CESAR stands for Cost-efficient methods and processes for safety relevant embedded systems and is a European funded project from ARTEMIS JOINT UNDERTKING (JU).
The three transportation domains automotive, aerospace, and rail, as well as the automation domain share the need to develop ultra-reliable embedded systems to meet societal demands for increased mobility and ensuring safety in a highly competitive global market.
To maintain the European leading edge position in the transportation as well as automation market, CESAR aims to boost cost efficiency of embedded systems development and safety processes by an order of magnitude.
CESAR pursuits a multi-domain approach integrating large enterprises, suppliers, SME's and vendors of cross sectoral domains and cooperating with leading research organizations and innovative SME's.
Abstract
The embedded safety-critical systems design and development industry is facing increasing complexity and variety of systems and devices, coupled with increasing regulatory constraints while costs, performances and time to market are constantly challenged.
This has led to a profusion of enablers (new processes, methods and tools), which are neither integrated nor interoperable because they have been developed more or less independently, addressing only a part of the complexity issue, such as safety. The absence of internationally recognized open standards is a limiting factor in terms of industrial performance when companies have to select among these enablers.
CESAR will bring significant and conclusive innovations in the two most improvable systems engineering disciplines:
- Requirements engineering in particular through formalization of multi viewpoint, multi criteria and multi level requirements,
- Component based engineering applied to design space exploration comprising multi-view, multi-criteria and multi level architecture trade-offs.
Multi-viewpoint based development processes assure that not only functional aspects but also safety, costs, robustness, timeliness, etc. are captured and documented in a form allowing validation and verification to be performed. Multi-criteria based design processes allow for optimization of designs to multiple objectives functions for such extra-functional characteristics of designs, a key for achieving competitive products. Multi-level design flows cover all stages from initial concepts through requirements through specification to design and implementation, typically crossing multiple stages in supplier chains. The combination of these aspects will allow movement towards "first-time-right" designs, where the actual integration phases are free of negative surprises.
In addition, CESAR intends to provide industrial companies with a breakthrough in system development by deploying a customizable systems engineering "Reference Technology Platform" (RTP) making it possible to integrate or interoperate existing or emerging available technologies.
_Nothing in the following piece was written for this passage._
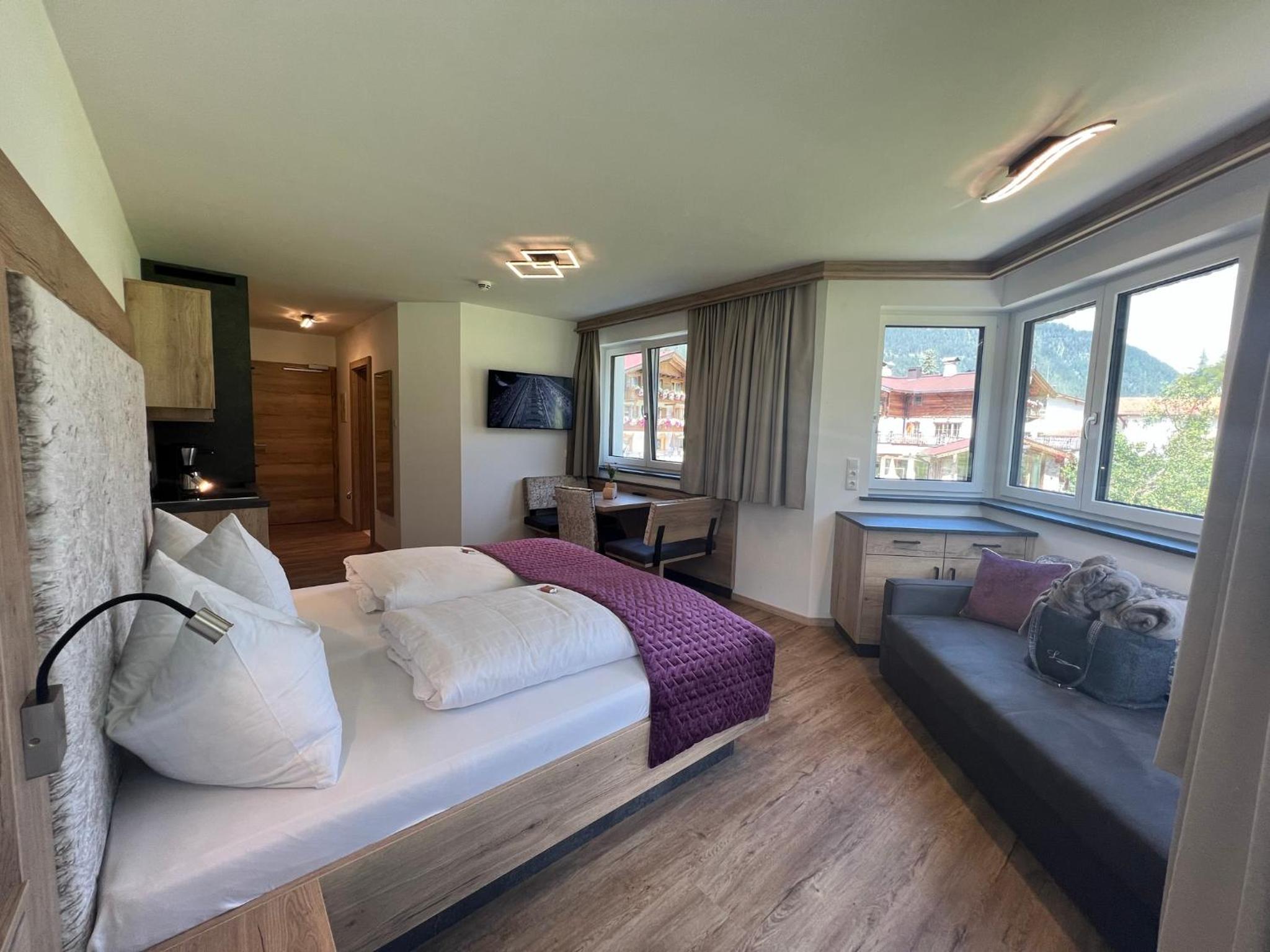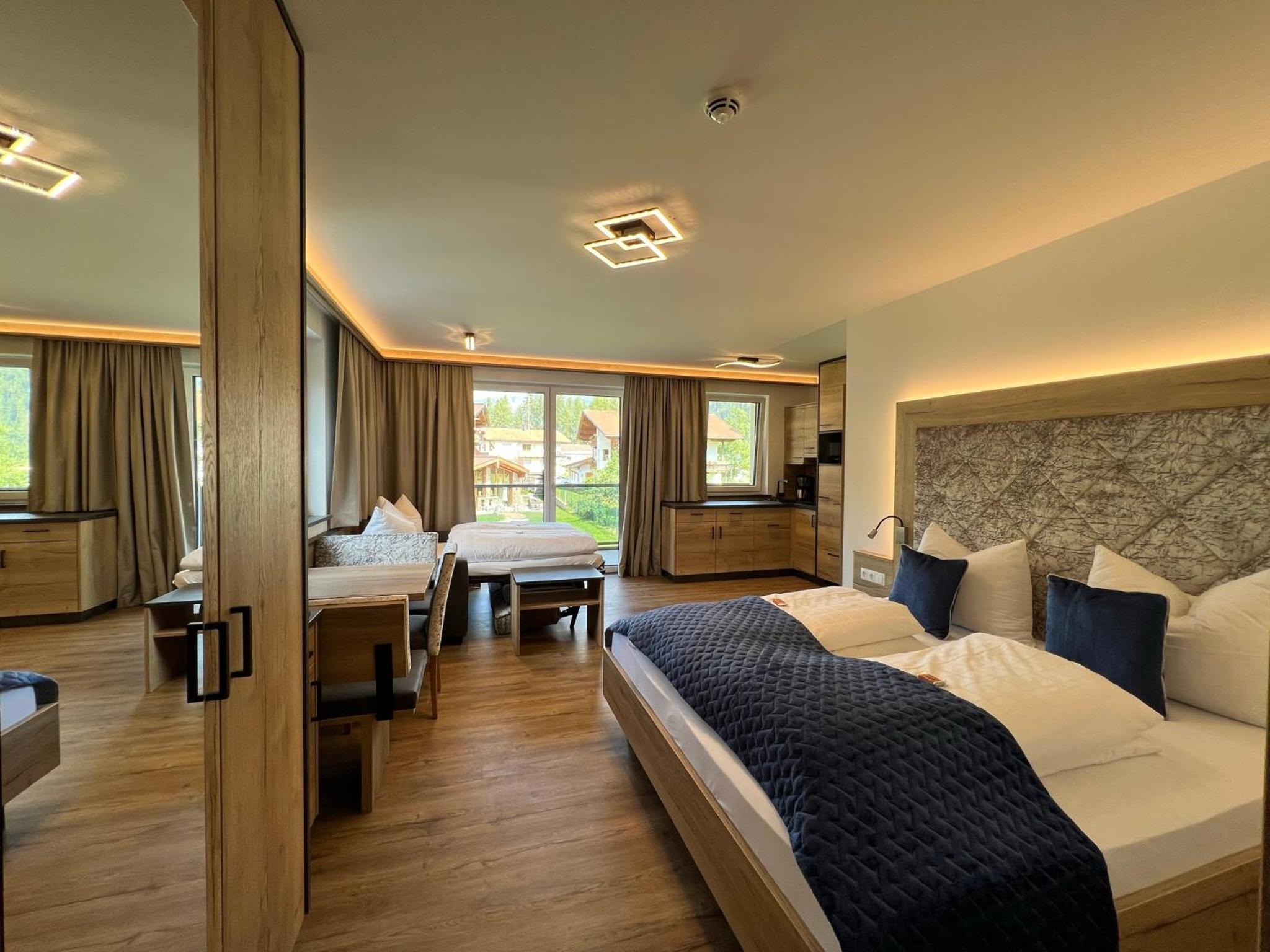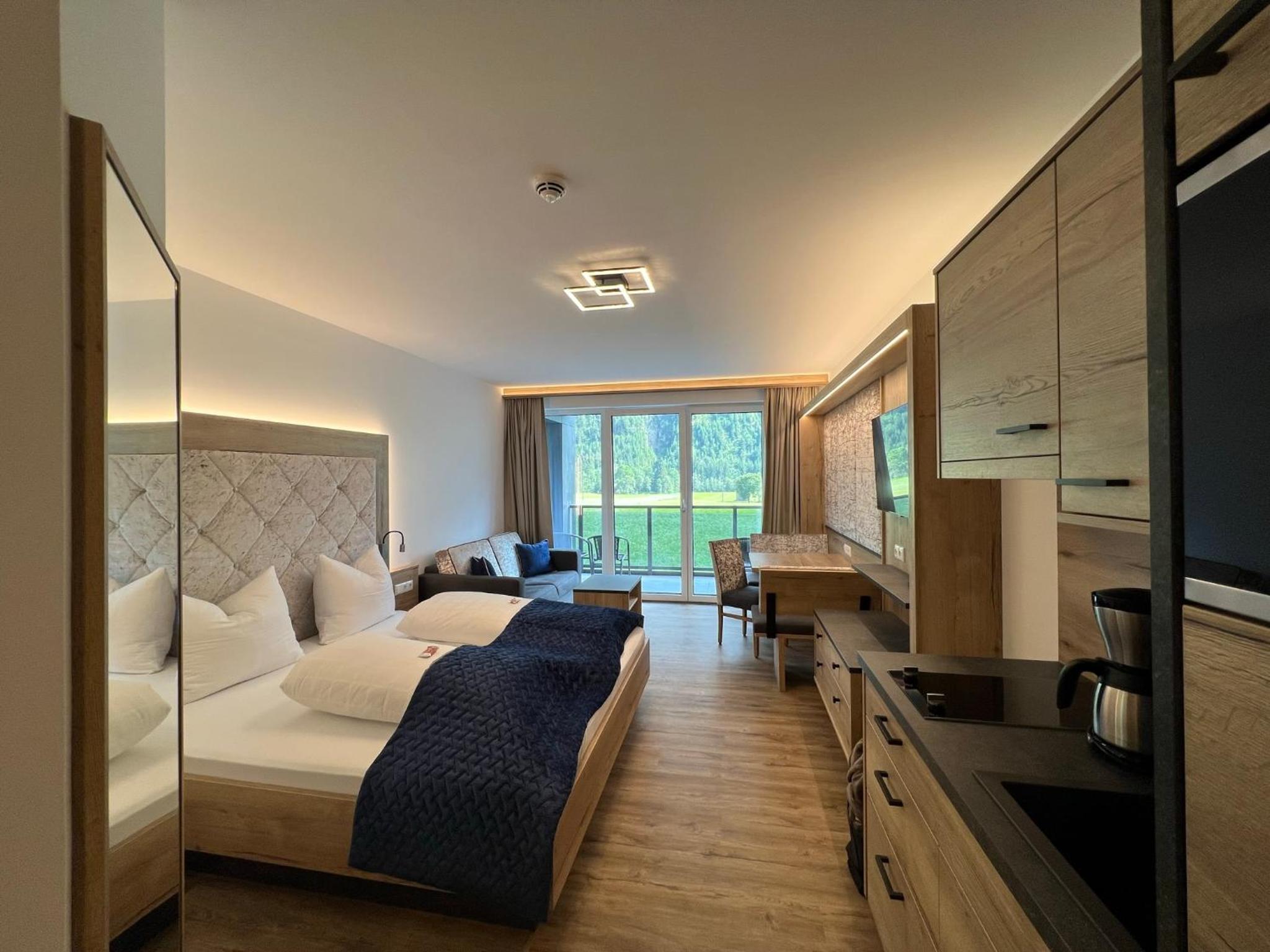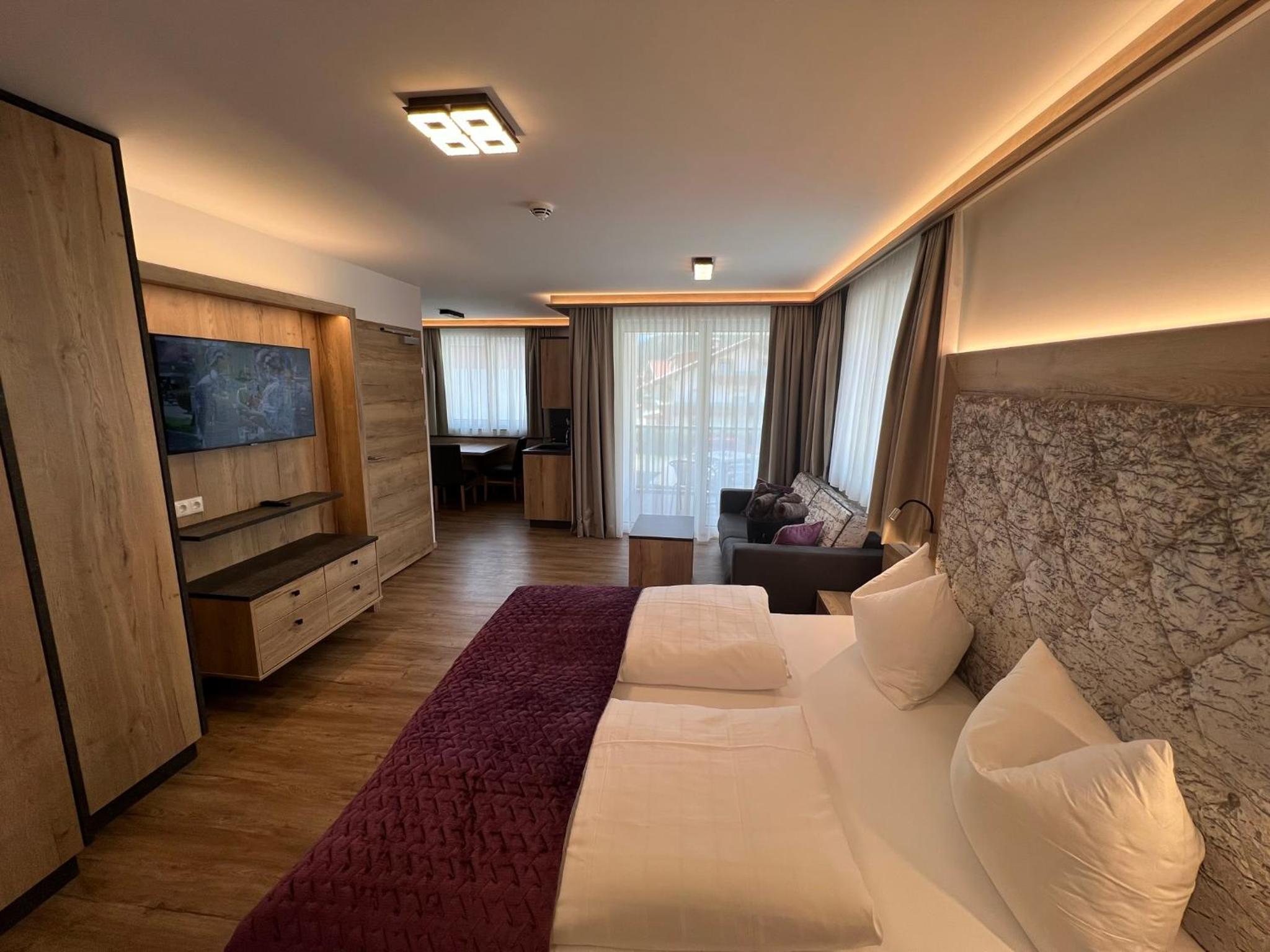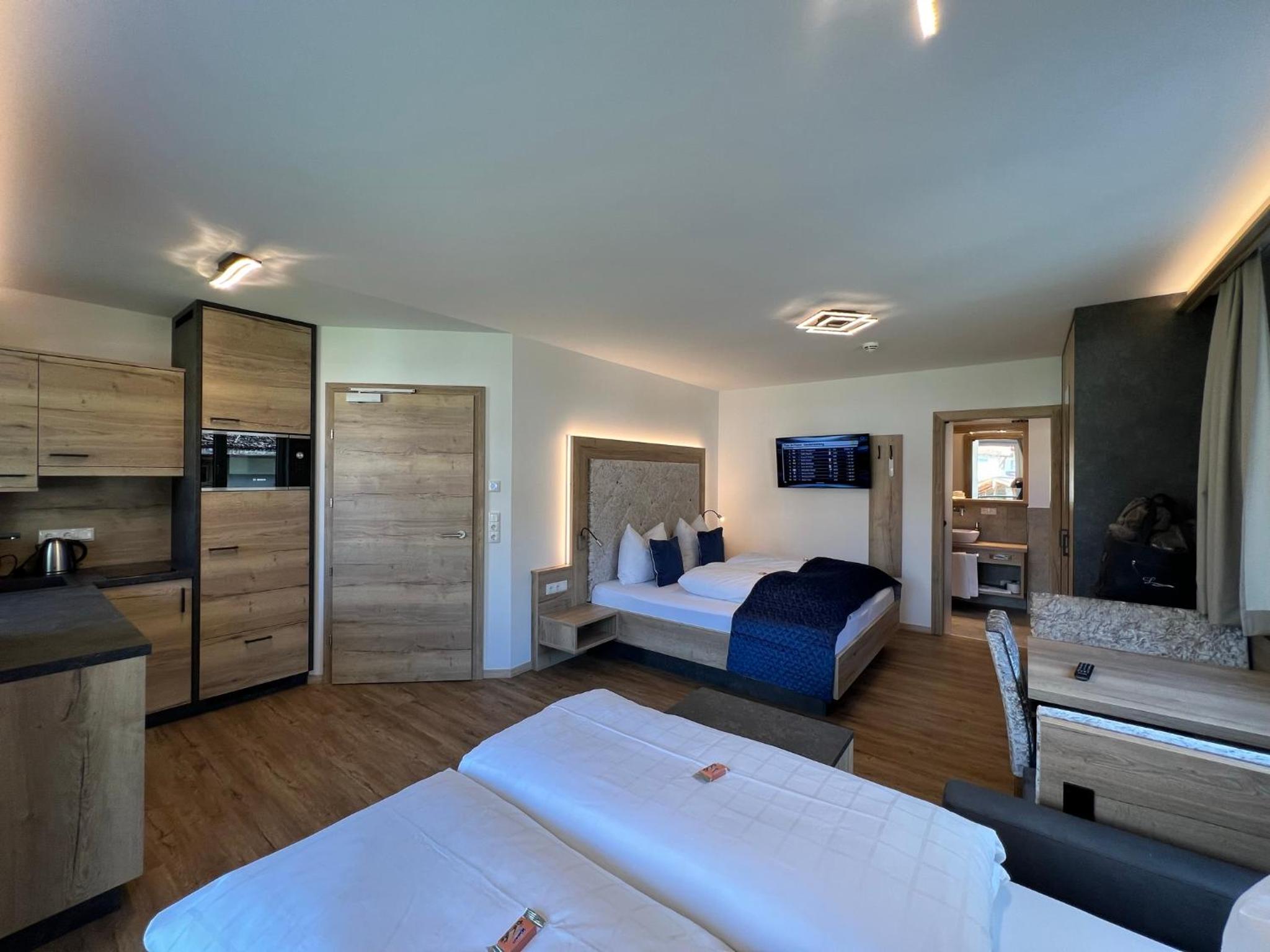 Das Personal war sehr freundlich und zuvorkommend. Das Apartment ist gut eingerichtet, die Küche ist klein (2 Platten) aber völlig ausreichend, das Bett groß und bequem. Sehr angenehm fanden wir, das man im Bademantel über einen unterirdischen Gang ins Hotel und zur Sauna gehen kann. Außerdem sehr praktisch, dass man ganz nach Belieben Frühstück und/ oder Abendessen zu buchen kann, auch tageweise. Der Brötchenservice funktioniert prima. Wir haben uns rundum wohl gefühlt und können es nur empfehlen.

This will be a significant step forward in terms of industrial performance improvement that will help to establish de-facto standards and contribute to the standardization effort from a European perspective. Relying on use-cases and scenarios from Aerospace, Automotive, Automation and Railway, CESAR is strongly industry driven. Benefiting from this multi-domains point of views, CESAR addresses safety aspects of transportation and other societal mobility and environmental demands.